Charlaine, thanks for your service and sacrafice for the rest of us. :wink:

clay i thank you alo bt i was only doing my job it to me was an honor. though i will sa it feels grat that a forum like this cares so much seeing as my own hometown didnt.

I know, I know, it’s all about money, or more often than not lack thereof, but for about $25 at Janns Netcraft (plus shipping)you can get the most common staple items for your growing material collection.

For all you Hook & Hackle pundits, I did the comparison shopping and have posted their higher prices.

Antron dubbing $1.55 [H&H $2.75]
Rabbit dubbing $1.49 [H&H $1.65]
Barred turkey quills $2.99 [H&H $4.25]
Mallard Flanks $1.79 [H&H $2.25]
Calf tails $2.99 [H&H $3.83]
Strung peacock herl $1.89 [H&H $3.50]
Chenille $.82ea (black and olive) $1.64 [H&H $.95 ea]
Marabou $1.19ea (black and olive) $2.38 [H&H $2.35ea]
Deer Hair $1.59 [H&H $2.25]
Moose mane is $1.69 [H&H $2.00]
Zonker Strips $1.89 [H&H $2.25]
6/0 thread $1.35ea (black, white & olive) $4.05 [H&H $1.35ea]
.020 Lead wire $.69 [H&H $2.50]
2 sided tinsel $1.09 [H&H $1.25]

Of course all these can be found at any tying shop, but usually at much higher prices. Bass Pro would be the next cheapest, then Cabela’s.

If you have a Sportsman’s Warehouse in the area, thier prices are similar to Janns. A lot of them closed recently, though. Thread was $1.19 a spool for whatever they had in UNI, floss, yarn, tinsel, and even ultra wire.

I like the way that you think!
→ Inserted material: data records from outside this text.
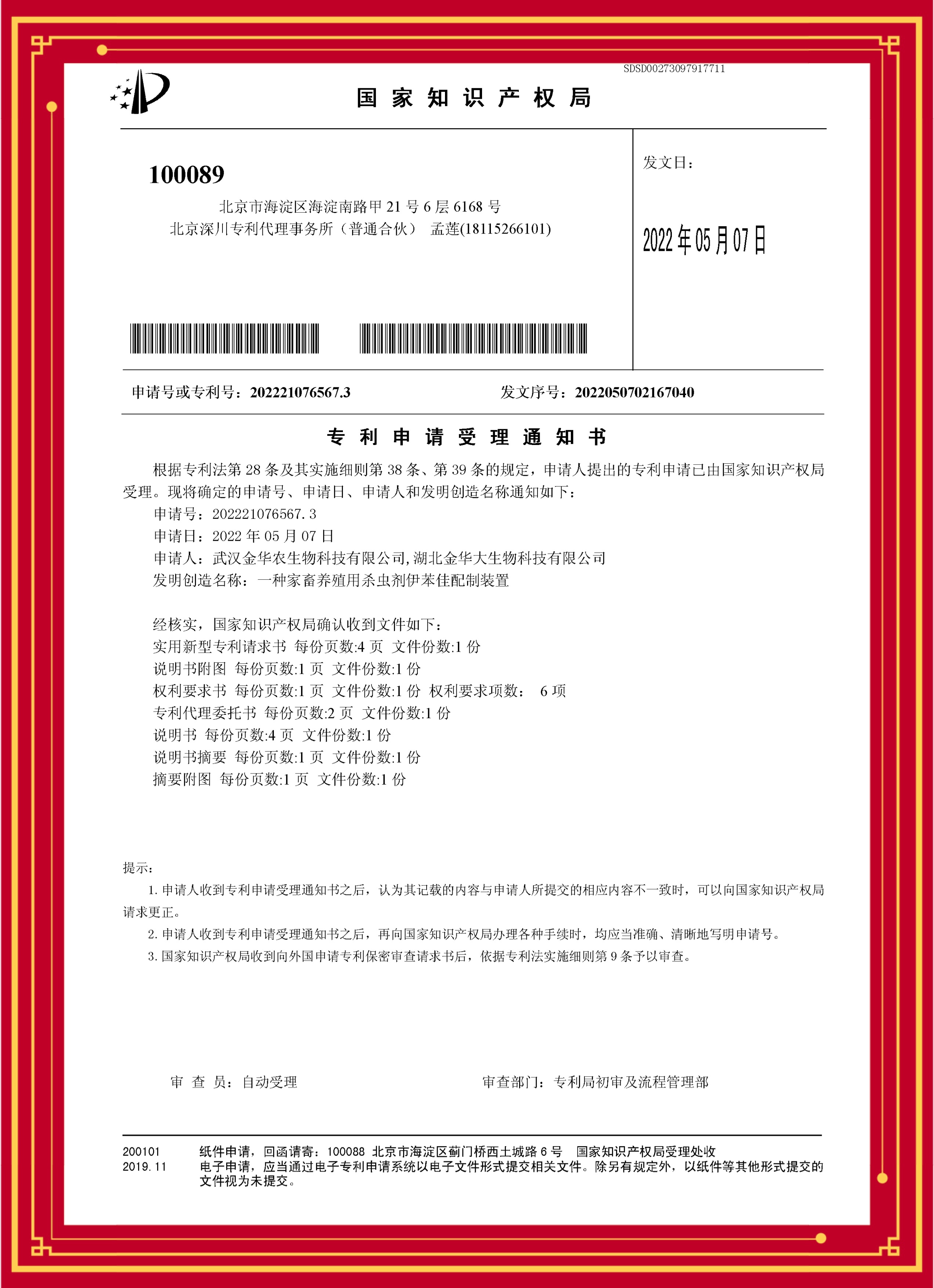 科技發(fā)明專利(黃金多維C):專利號(hào)—202221071292.4
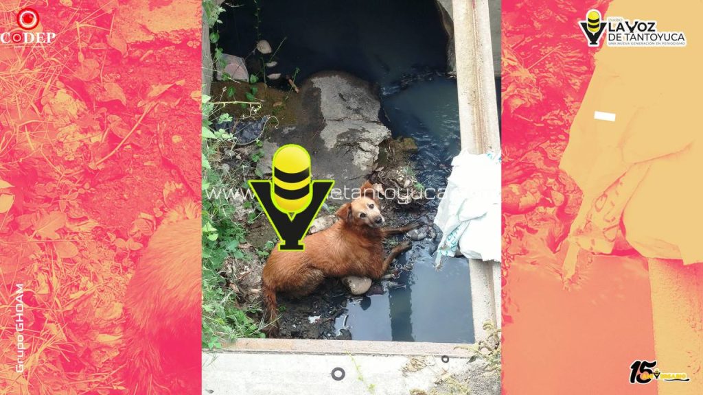 Personal del Centro de Salud Animal Municipal rescata a perrito atrapado en canal en Tantoyuca
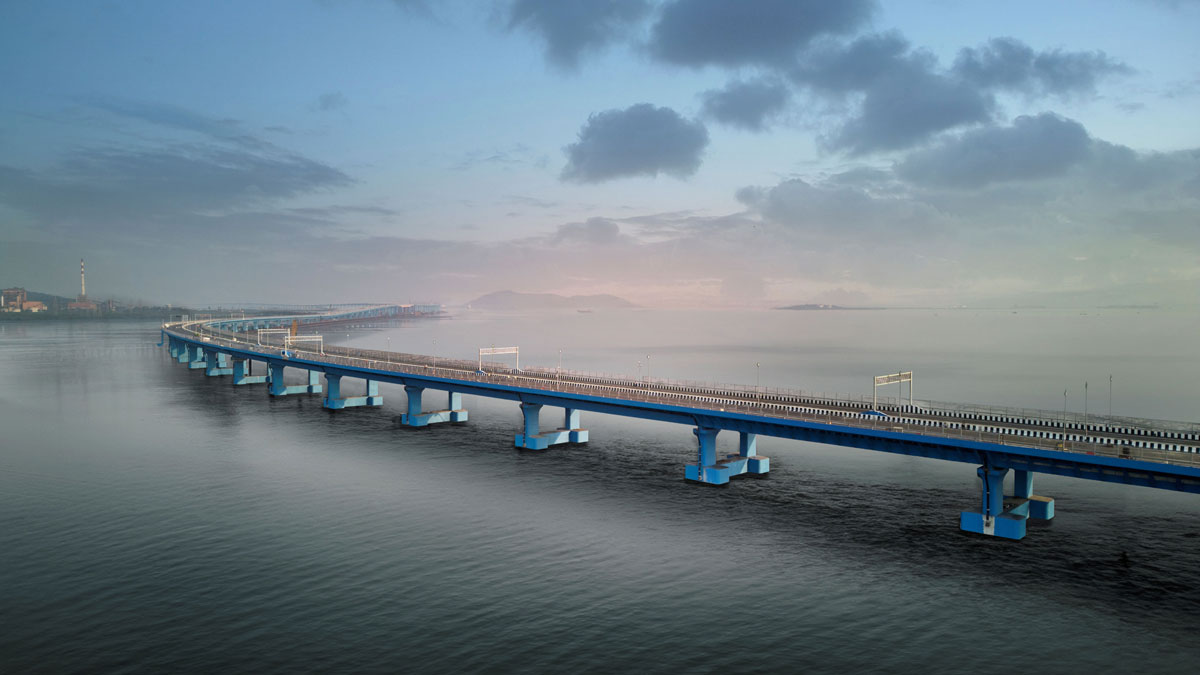 ムンバイ湾横断道路建設事業は,インド共和国マハラシュトラ州ムンバイ都市圏において,半島側のムンバイ市中心部Sewri(セウリ)から,ムンバイ湾を挟んだ東郊のナビムンバイ市を接続する,総延長約22kmのインド最長の海上道路。同事業のうちIIS-L&Tが担当した橋梁建設工事パッケージ1は,このうちのセウリを起点とした約10kmの海上道路橋の建設工事。IISは,同国で初めて採用される重防食塗装の鋼床版箱桁の製作・輸送などを行った。
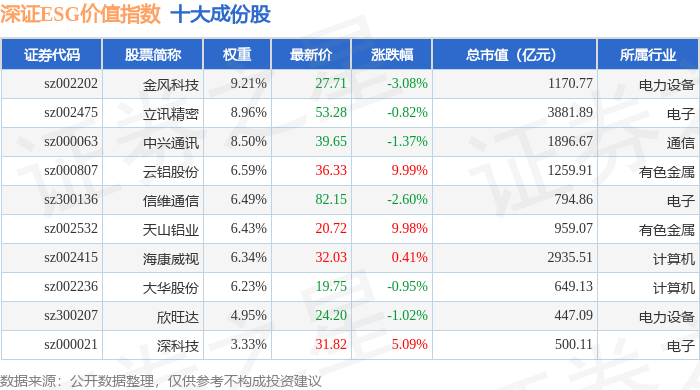 证券之星消息,1月28日,深证ESG价值(970061)指数报收于1987.98点,涨0.94%,成交786.96亿元,换手率3.12%。当日该指数成份股中,上涨的有24家,云铝股份以9.99%的涨幅领涨,下跌的有26家,泰胜风能以4.37%的跌幅领跌。
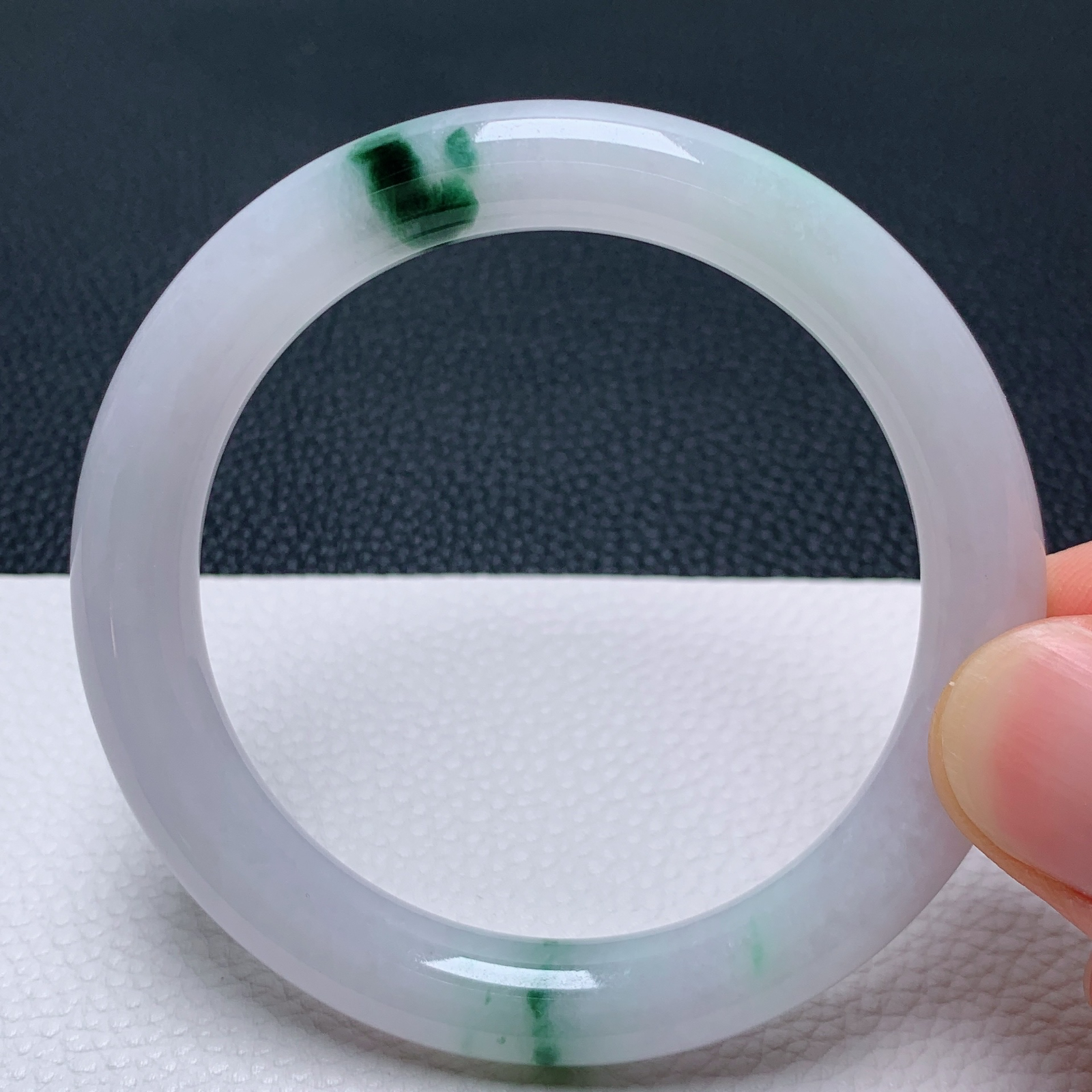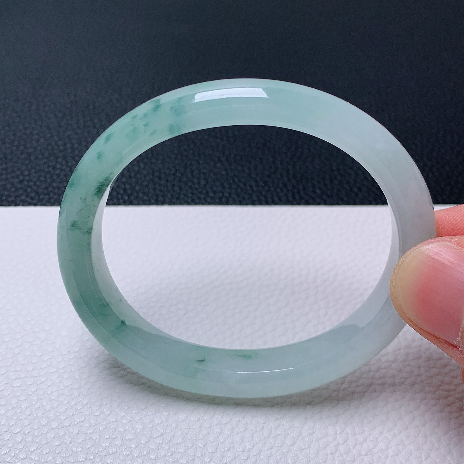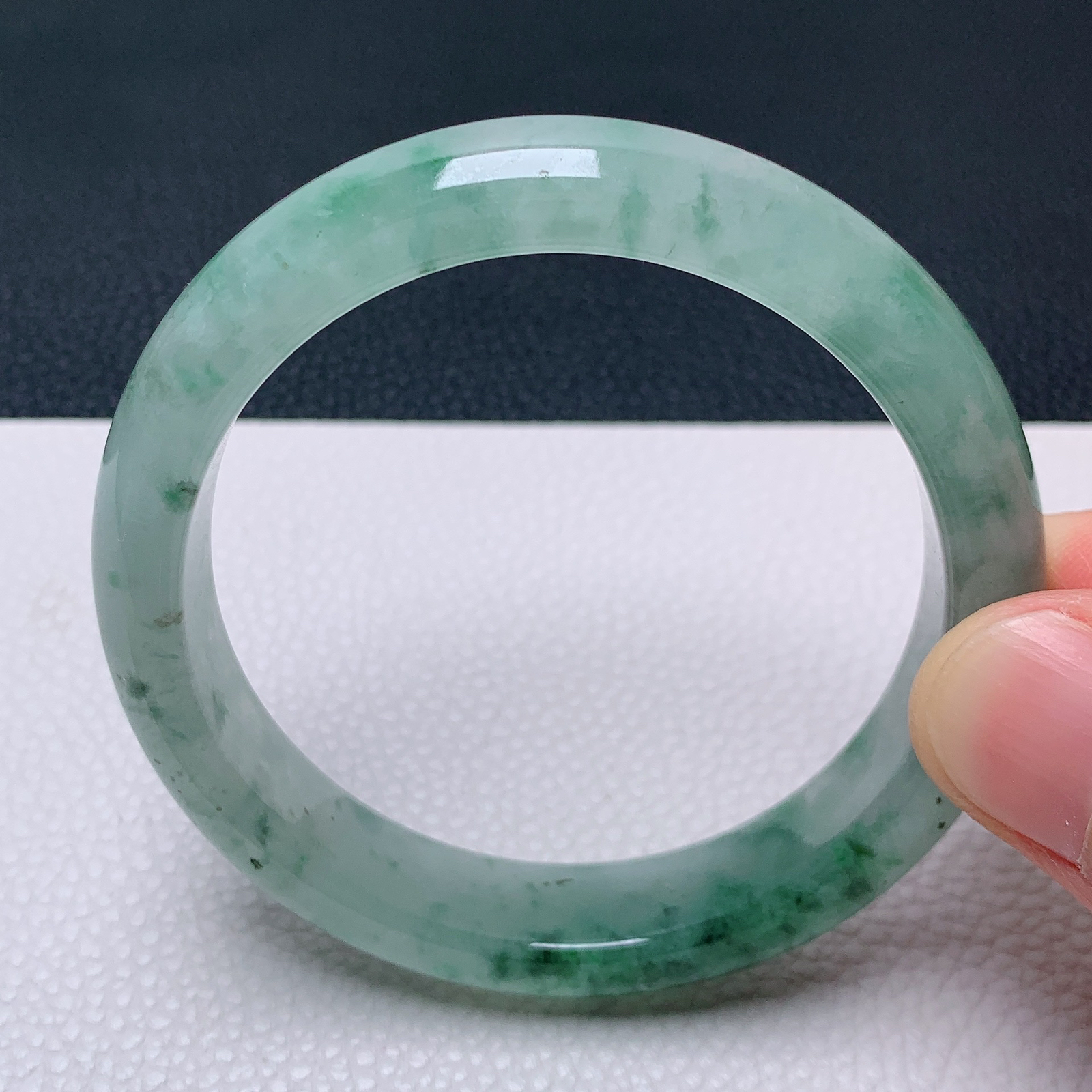 天然翡翠圈口52-53老坑飘花圆条手镯 玉质细腻 种水好 尺寸:52.5-8.8-8.5mm M2
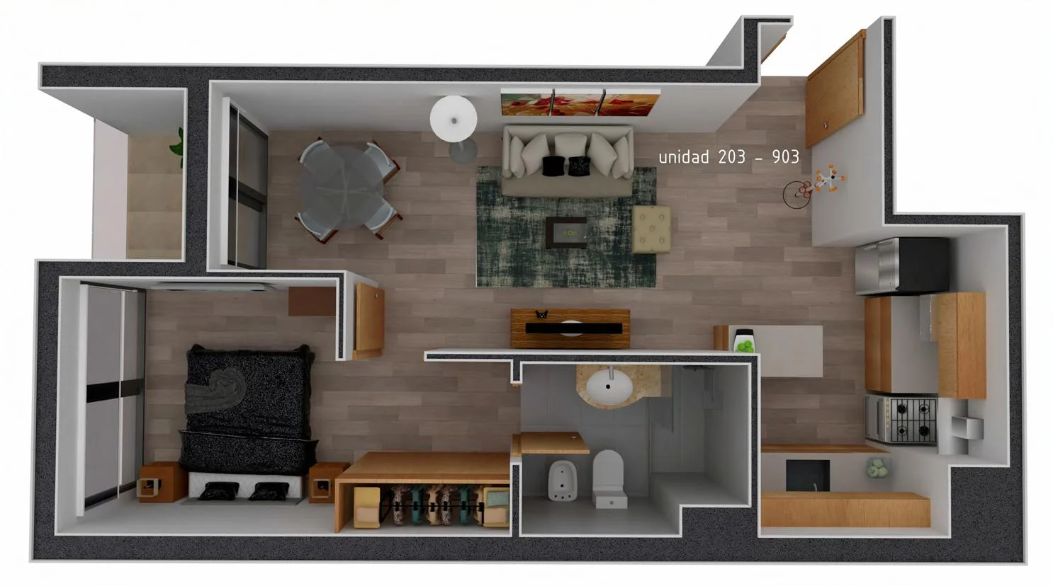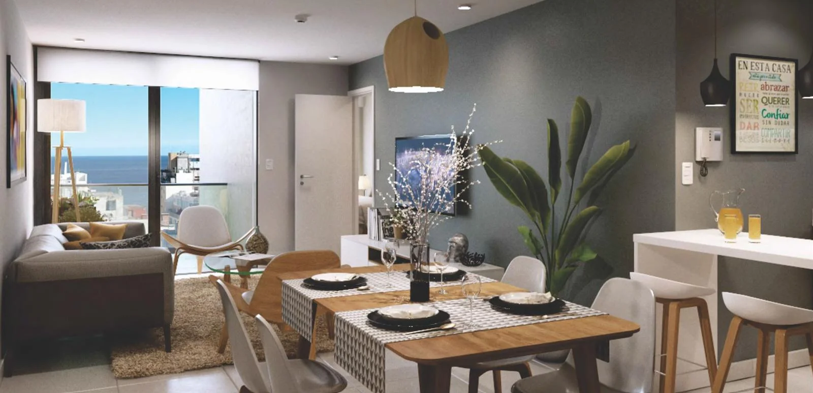 - Living Comedor (salida a balcón) con Cocina Integrada.
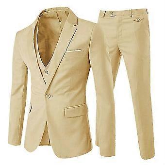 ZZY-メンズスーツ3ピースウェディングビジネスパーティー無地スリムワンボタンスーツ(ブレザー+ベスト+パンツ)
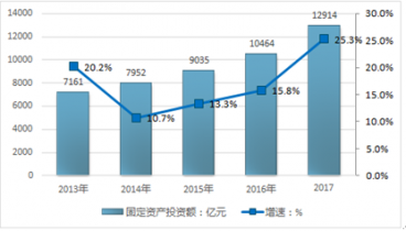2013-2017年電子信息行業(yè)固定資產(chǎn)投資額 |
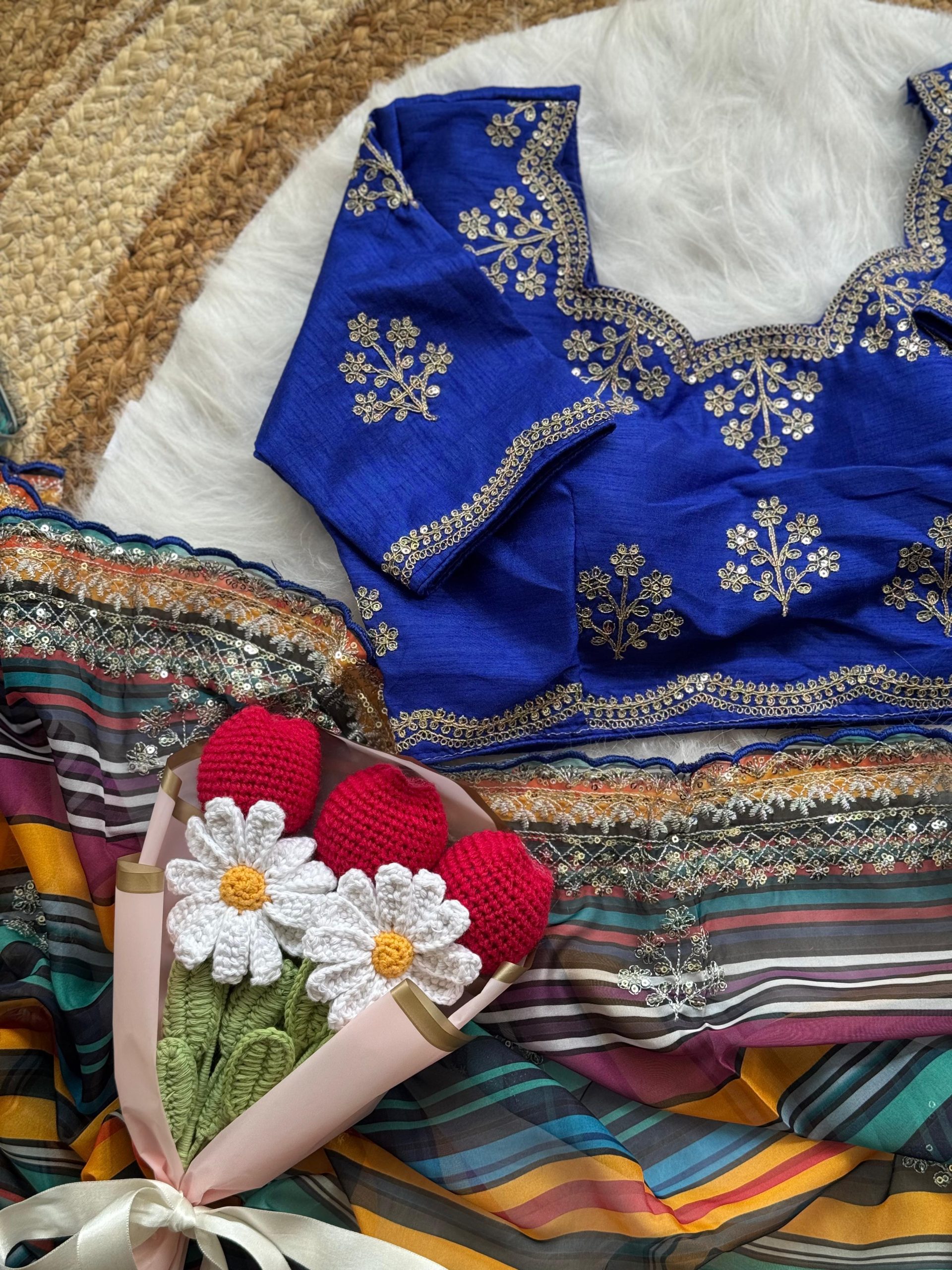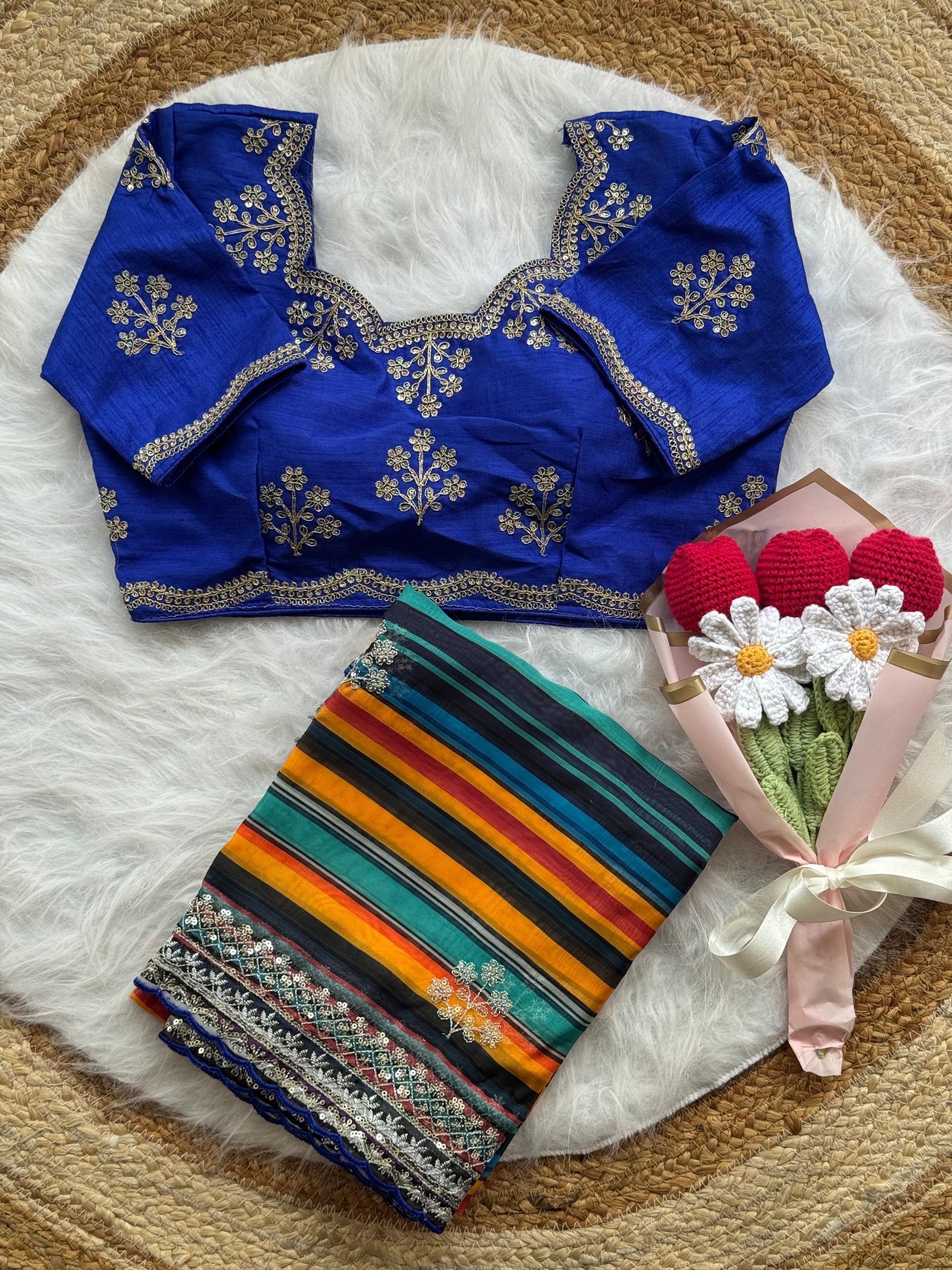 Royal Blue Soft Organza Embroidery Work Lace Saree

Another comparison shopper who doesn’t mind spending money, just wants to get the most for the money that he spends. :cool:

in bass bugs item list, it appears the thread is danvilles 6/0. the price at jans is 1.35 and the listed price at h&h is also 1.35 for a 200 yard spool. but i think he forgot to click on the “BUY” button where the thread is gonna cost him only 1.10 per spool. h&h thread is discounted 10%, jans is not.

chenille at jans is .82 cents and at h&h its .86 cents with the h&h discount

this is only 2 examples. there may be more on the list

i think you need to click on the “BUY” button to get the real prices on the h&h website for a true comparison.

some prices may still be higher than jans and some may even be lower than jans.